In the Section 220 books and records inspection case of PVH Polymath Venture Holdings Ltd. v. TAG Fintech Inc., C.A. No. 2023-0502-BWD (Del. Ch. Jan. 26, 2024), PVH Polymath Venture Holdings Ltd. ("Polymath") sought inspection of TAG Fintech, Inc.'s ("TAG") records after discovering TAG had submitted a forged letter to Pakistani regulators. The decision is significant in that the Court of Chancery granted fee-shifting in favor of Polymath in light of TAG's obstructionist conduct, and ultimately appointed a receiver following TAG's non-compliance with Court orders.
Despite conceding that Polymath had proper purposes to make its demand, TAG nonetheless rejected inspection based on a pretextual claim about the authority of Polymath's representative, even though TAG had previously dealt with him directly. The company then attempted to use Pakistani court injunctions that the Court found TAG likely orchestrated to avoid production. TAG further complicated the proceedings by producing an untimely expert opinion on Cyprus law after discovery closed and attempting to unilaterally cancel Polymath's shares on the eve of trial. The company also imposed unnecessary burdens by requiring in-person inspection in Abu Dhabi and refusing to stipulate to document authenticity.
Then Magistrate in Chancery Bonnie W. David, who has since been elevated to the position of Vice Chancellor, found TAG's conduct "glaringly egregious" and ordered fee-shifting.
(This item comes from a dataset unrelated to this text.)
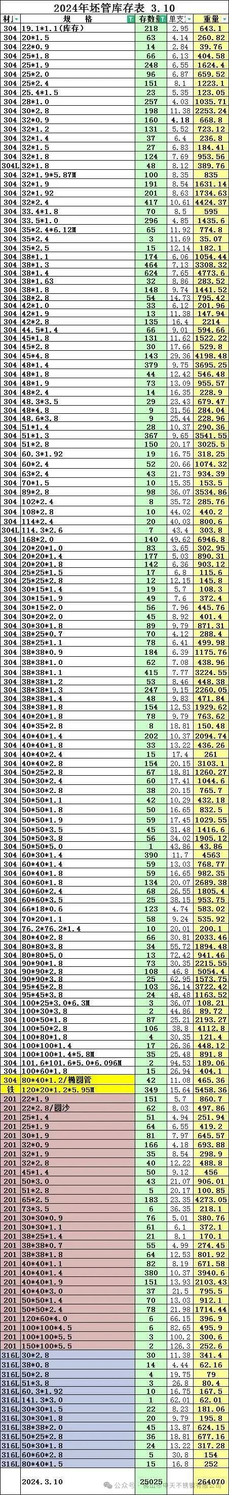 佛山市中天不锈钢有限公司(3月11日库存)
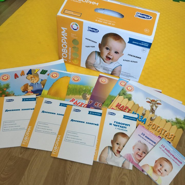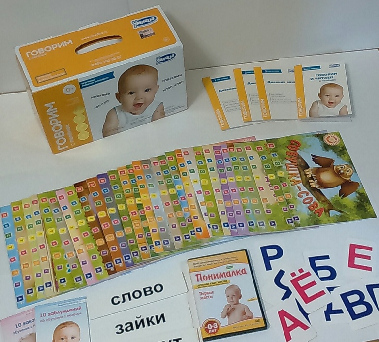 Набор создан специально для родителей, для занятий по нему не требуется педагогических навыков или знаний. Он рассчитан на длительный срок занятий. Идеален для детей, которые ещё не говорят или только произносят первые слова.

In its analysis, the Court noted that while perhaps one of these positions alone could be excused as aggressive defense, collectively they demonstrated bad faith warranting the exceptional remedy of fee-shifting.
Following the Court's ruling, further motion practice ensued, including Polymath filing a further motion to compel compliance with the Court's prior order granting inspection, and moving for a receiver given TAG's failure to produce documents or pay Polymath's fee-shifting award. On July 1, 2024, the Court granted Polymath's motion and appointed a receiver over TAG.
Key Takeaway
This opinion illustrates that Delaware corporations responding to Section 220 inspection demands must engage in good faith and avoid unreasonable litigation tactics designed to frustrate the stockholder. Engaging in a pattern of obstructive conduct risks fee-shifting sanctions and the ultimate appointment of a receiver over the company to compel compliance.